2023 Nagpur flood

Meteorological history
- Duration: 23 September 2023

Overall effects
- Fatalities: 4
- Areas affected: Nagpur inclusive of Vidarbha Regions

= 2023 Nagpur flood =

Flood in India

The 2023 Nagpur Flood was a flooding event that occurred in the city of Nagpur in the Indian State of Maharashtra on September 24, 2023. The flood caused deaths and economic destruction with several hundred people being evacuated in various parts of the city.

==Cause==
The flood was caused due to 109 mm heavy rains in the city, causing the Nag river to overflow into nearby areas, flooding homes, schools commercial areas and hospitals. An ill-planned storm water drainage system and encroachment along the Nag river that blocks the flow of the river. Additionally, unchecked growth of Eichhornia weed in the Ambazari lake, caused by sewage intrusion, flowed with the current and blocked major discharge points along the Nag river which also contributed to the flooding.

==Aftermath==
There were four recorded deaths and more than 400 people were evacuated from their homes by rescue and relief teams including the National Disaster Response Force (NDRF) and State Disaster Response Force (SDRF). An estimated 10000 houses were affected.
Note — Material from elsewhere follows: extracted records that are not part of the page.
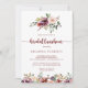 Esta rústica invitación floral a la ducha nupcial lunar con novia es perfecta para una simple ducha de boda. El diseño se compone de flores de color burdeos, rosa y azul con hojas verdes en un fondo manchado de color marrón.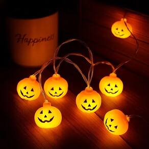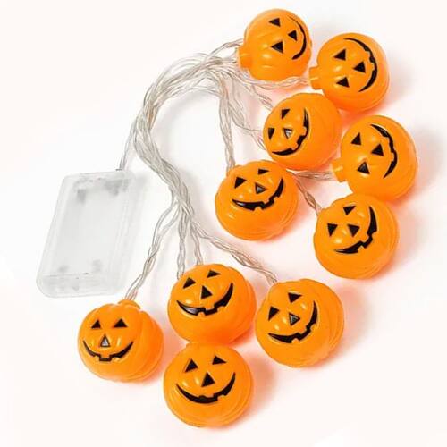 Com 2 metros e 60cm de extensão e 12 LEDs no formato clássico de cabeça de abóbora você tem flexibilidade total para decorar grandes áreas ou criar caminhos luminosos.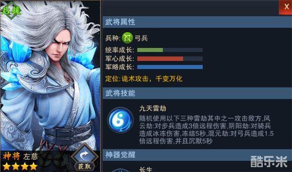 在新出的三大神将中,有一个比较特别的存在,就是司马懿的老师左慈,这位新神将的登场,给司马懿的地位带来了极大的挑战。同样是大屏AOE伤害,相比于司马懿的单一攻击模式,左慈有几率触发更高的伤害,并且还能触发控制效果,并且还自带伤害减免,可以说是十分恐怖了。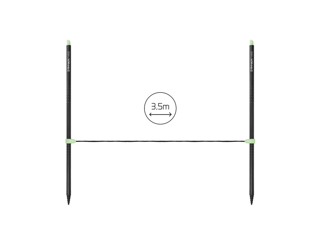 RangeX FREE pozostáva z dvoch hliníkových tyčí so zárezmi. Tieto zárezy slúžia nato, aby sa do nich vlasec či šnúra ukladali a počas vymeriavania vzdialenosti tak nehrozí neželané skĺznutie vlasca z tyče. Pre jednoduchšie používanie v šere či tme sú tyče vybavené fosforeskujúcimi koncovkami, ktoré sa po nasvietení rozžiaria. Pre lepšiu manipuláciu pri zapichovaní do zeme, sú dištančné tyče na spodnom konci vybavené pevným hrotom so závitom. Samozrejmosťou je vymeriavací povraz s dĺžkou 3,5 metra, ktorý je na oboch koncoch opatrený okami pre uchytenie o tyče. V základe RangeX FREE dostanete v praktickom textilnom puzdre tak, aby ste mali vždy všetko pokope.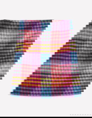 Josephine Check Wool Rich Kilt Skirt, Navy/Multi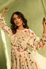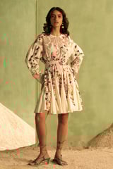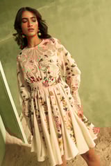 Off-White Floral Cutwork Fit and Flare Mini Dress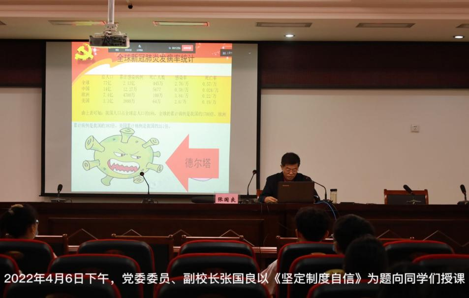 党委委员、副校长张国良以《坚定制度自信》为题,通过举例论证,用中西方面对新冠肺炎疫情采取不同举措的鲜明对比体现出中国特色社会主义制度的巨大优越性,进一步坚定了广大党员发展对象向党组织积极靠拢的理想信念。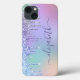 Capa de telefone feminina com cores de um monocromo arco-íris falso brilhando em um fundo roxo. Monograma com seu nome em uma bonito escrita roxa com pestanas.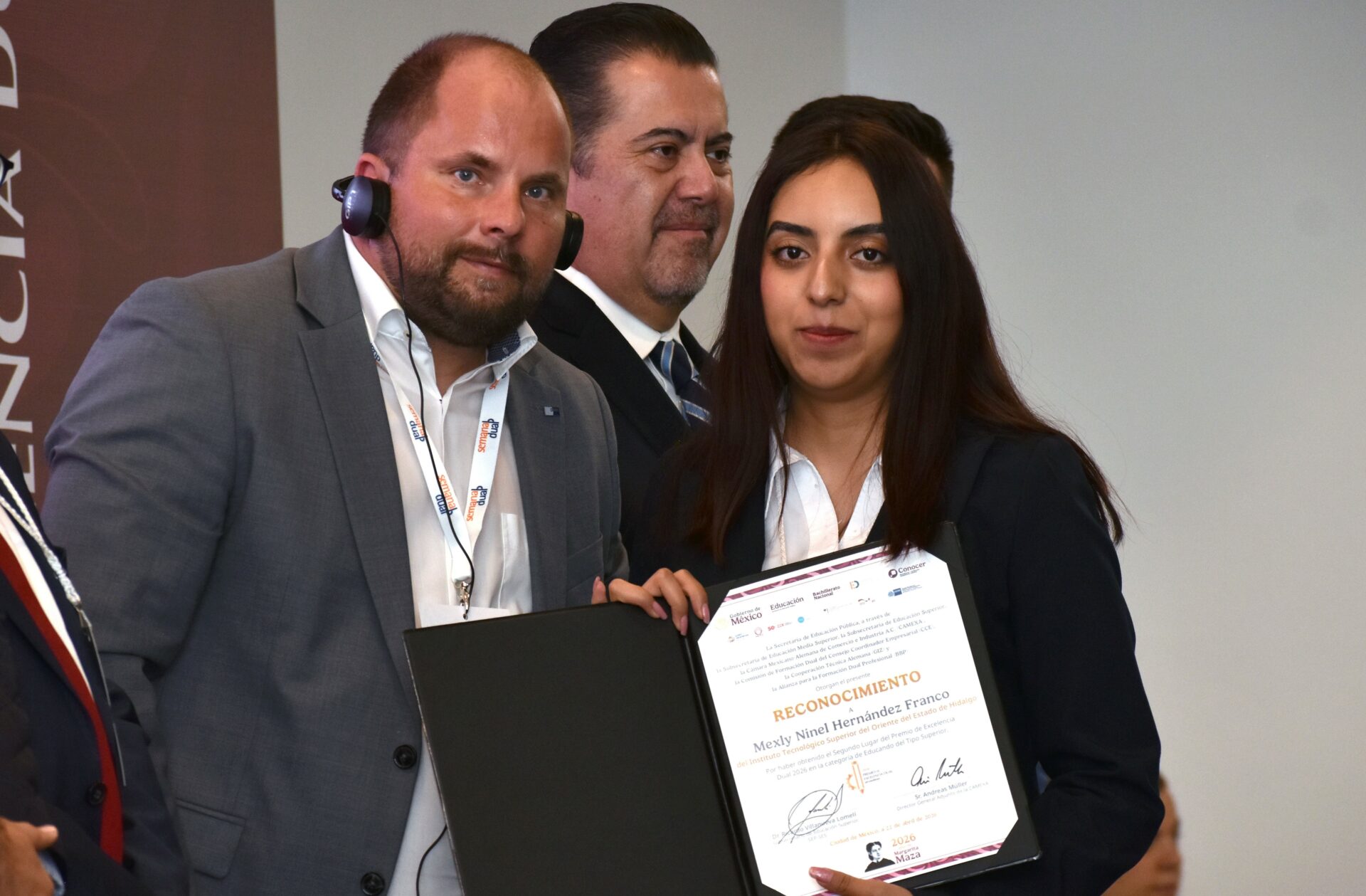 APAN, Hgo. – Mexly Ninel Hernández Franco, egresada del Instituto Tecnológico Superior del Oriente del Estado de Hidalgo (ITESA), obtuvo el segundo lugar en el “Premio de Excelencia Dual, VET Excellence”, en la categoría de Educación Superior, gracias a su proyecto “Sistema automatizado integral para el control de inventarios”, desarrollado para la empresa CAJAPLAX.

A relief fund of ₹10,000 was announced for affected families and ₹5,00,0000 for affected business owners. A bridge on the Nag river collapsed, blocking a major highway in the city. The retaining wall of Nag river had collapsed at various locations. On November 5, 2023, a flood mitigation project worth ₹266.63 crore was announced for repairs to infrastructure and improving drainage deepening of the Nag river, strengthening the dam at Ambazari, desilting of the Ambazari lake and removal of encroachments.